2. The distributed network data-based rapid acquisition method according to claim 1, wherein step 3 specifically comprises: a node in the webpage downloading and analyzing layer reads the multi-tuple set in the real-time queue in real time through the step 2, requests a target page, analyzes the page by adopting a corresponding extraction rule in the multi-tuple for the target page which is successfully requested, extracts information of a non-text part, and reports out that the rule is empty abnormal or extraction failure abnormal and records a log if the rule is empty or the extraction is invalid by adopting the current rule; for text extraction, if the set text extraction rule is empty or the extraction fails, a general text extraction method is adopted, and if the extraction fails, a general extraction failure exception is reported and a log is recorded; and if the extraction is successful, storing the corresponding data into the data storage layer in a single record mode.

3. The distributed network data-based rapid acquisition method according to claim 1, wherein the seed website setting node uses a relational database.

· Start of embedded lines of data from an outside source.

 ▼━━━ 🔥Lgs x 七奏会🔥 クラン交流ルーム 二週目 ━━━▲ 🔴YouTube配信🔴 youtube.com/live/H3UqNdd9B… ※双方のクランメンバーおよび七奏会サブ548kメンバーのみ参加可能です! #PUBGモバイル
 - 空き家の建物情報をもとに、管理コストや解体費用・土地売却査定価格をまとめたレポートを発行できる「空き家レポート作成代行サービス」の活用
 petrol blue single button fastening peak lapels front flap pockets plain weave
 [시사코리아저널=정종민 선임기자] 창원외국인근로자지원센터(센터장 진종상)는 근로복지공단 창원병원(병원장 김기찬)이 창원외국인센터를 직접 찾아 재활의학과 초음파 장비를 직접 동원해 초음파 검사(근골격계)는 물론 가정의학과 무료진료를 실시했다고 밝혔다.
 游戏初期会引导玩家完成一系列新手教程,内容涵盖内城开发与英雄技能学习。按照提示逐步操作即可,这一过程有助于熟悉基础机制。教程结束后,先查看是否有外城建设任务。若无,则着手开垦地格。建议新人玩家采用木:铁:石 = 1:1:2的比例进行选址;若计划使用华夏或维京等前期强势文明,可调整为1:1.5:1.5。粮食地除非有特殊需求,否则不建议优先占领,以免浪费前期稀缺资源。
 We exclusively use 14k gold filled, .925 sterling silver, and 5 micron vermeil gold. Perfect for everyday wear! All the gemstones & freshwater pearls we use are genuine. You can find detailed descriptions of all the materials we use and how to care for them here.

4. The distributed network-based data rapid acquisition method as claimed in claim 1, wherein the hyperlink acquisition layer is composed of a single or a plurality of web crawler nodes, the web crawlers are physically isolated from each other, logically cooperate to complete the hyperlink extraction work of the target web page, and can be transversely expanded according to the scale of the data source; the hyperlink acquisition layer is distributed and multi-node, the operation of a single node is timed, and the node integrates the acquired hyperlinks into the corresponding extraction rule and stores the extracted hyperlinks into a real-time queue.

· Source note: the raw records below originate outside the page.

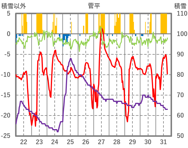 | 日 | 時 | 気温 | 降水 | 風向/風速 | 日照 | 積雪 | 降雪 |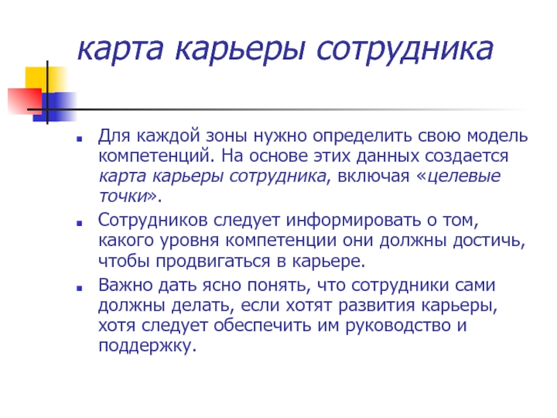 Важно дать ясно понять, что сотрудники сами должны делать, если хотят развития карьеры, хотя следует обеспечить им руководство и поддержку.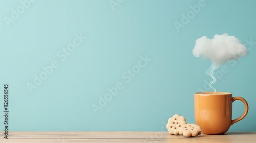 A Creative Concept of a Warm Beverage with Cookie Accompaniment and a Whimsical Cloud on a Calm Aqua Background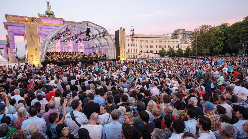 عزف أوركسترا برلين السيمفوني تحت قيادة مديره الجديد كيريل بيترينكو مساء أول من أمس، السيمفونية التاسعة لبيتهوفن أمام بوابة براندنبورغ الشهيرة في العاصمة الألمانية.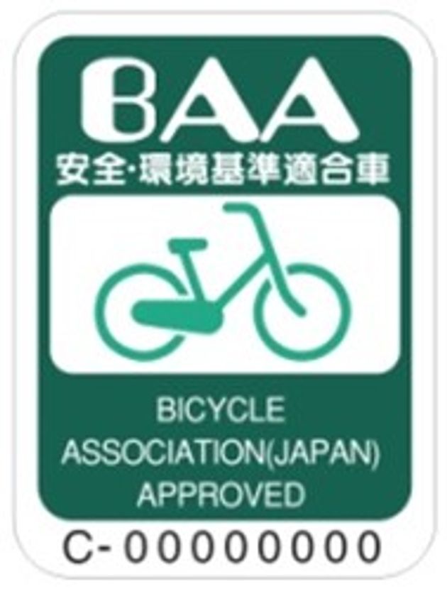 BAAマークは、一般社団法人自転車協会が制定し、同協会が定める自転車安全基準に適合した自転車に貼られています。自転車安全基準の検査項目は全部で約90項目もあり、安全・安心な自転車の目印として認知されています。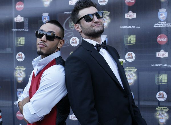 Cantaretii Alex Velea (S) si Smiley (D) pozeaza pe covorul rosu, la decernarea premiilor Romanian Music Awards, sambata, 10 iulie, la Craiova BOGDAN DANESCU / MEDIAFAXFOTO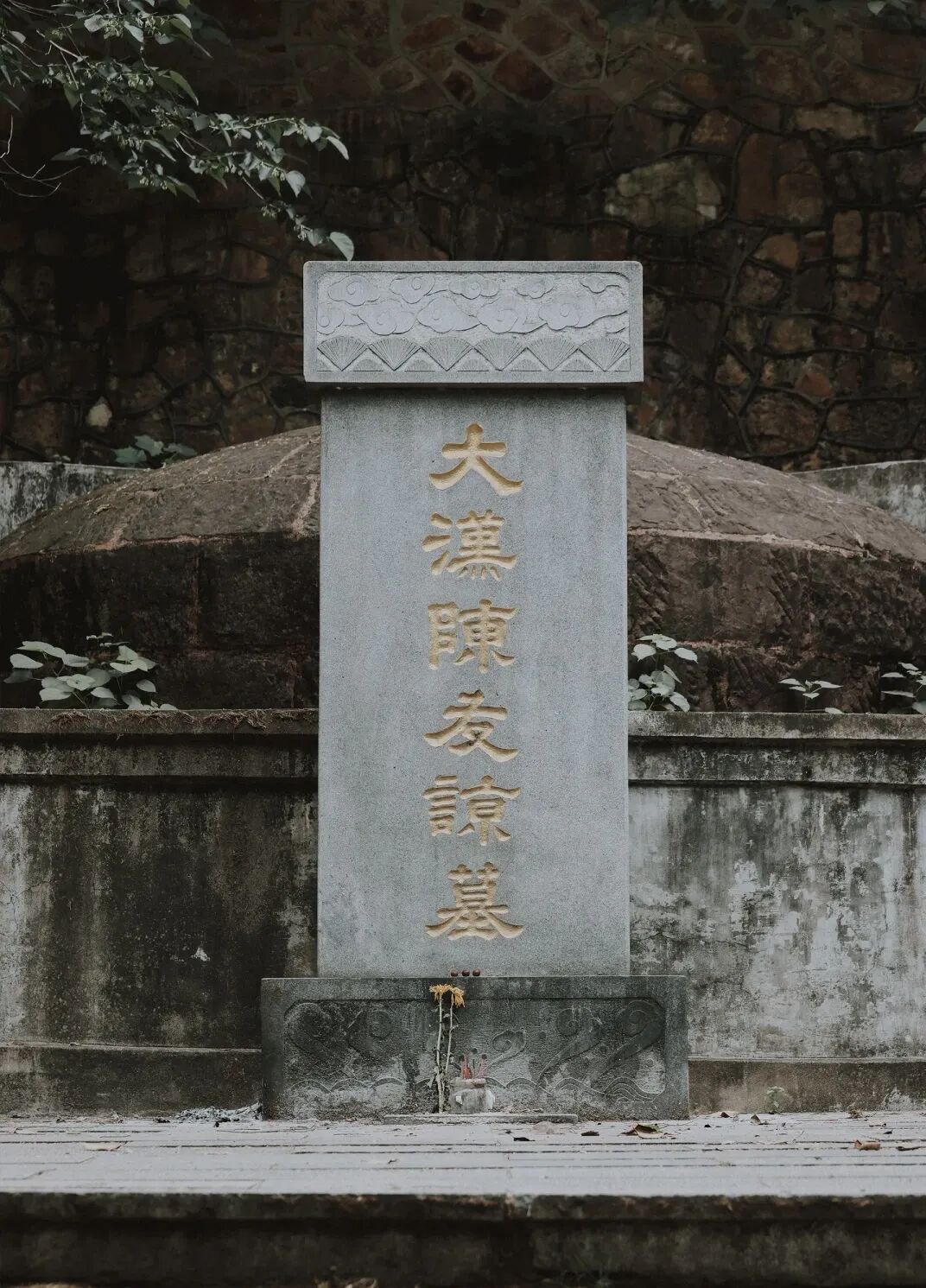 沿着幽深的巷子往里,沿坡而上,有陈友谅墓和陈定一烈士就义纪念碑。林木森森,石碑矗立其间有种悲凉慨然的古意。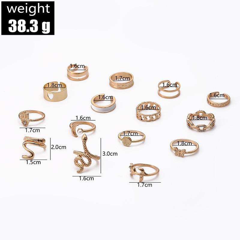 Venta Caliente Transfronteriza Estilo Europeo y Americano Anillo de Mariposa Perla Diamante Personalizado Rosa Serpiente Juego de 15 Piezas Anillo para Articulación

5. The distributed network-based data rapid acquisition method of claim 1 wherein the real-time queue is independently deployed, unaccessed hyperlinks are accessed in real-time, and accessed hyperlinks are persistently stored.

6. The distributed network-based data rapid acquisition method as claimed in claim 1, wherein the web page downloading and parsing layer is composed of a plurality of web crawler nodes, the nodes work independently of each other and are responsible for the structured information extraction of the target data, and the hyperlink scale extracted by the hyperlink acquisition layer can be expanded horizontally; each node comprises a set of information structured extraction method based on HTML document tree and a set of general text information extraction method, and the extraction of the text part of the webpage can be switched for use;

the webpage downloading and analyzing layer is distributed and multi-node and can be transversely expanded, the operation of a single node is real-time, and the nodes read hyperlinks in the real-time queue, then filter, analyze and format target data and store the target data.

7. The distributed network-based data rapid acquisition method according to claim 1, wherein the webpage data storage layer adopts an open-source large data storage database, and the multiple nodes are expandable.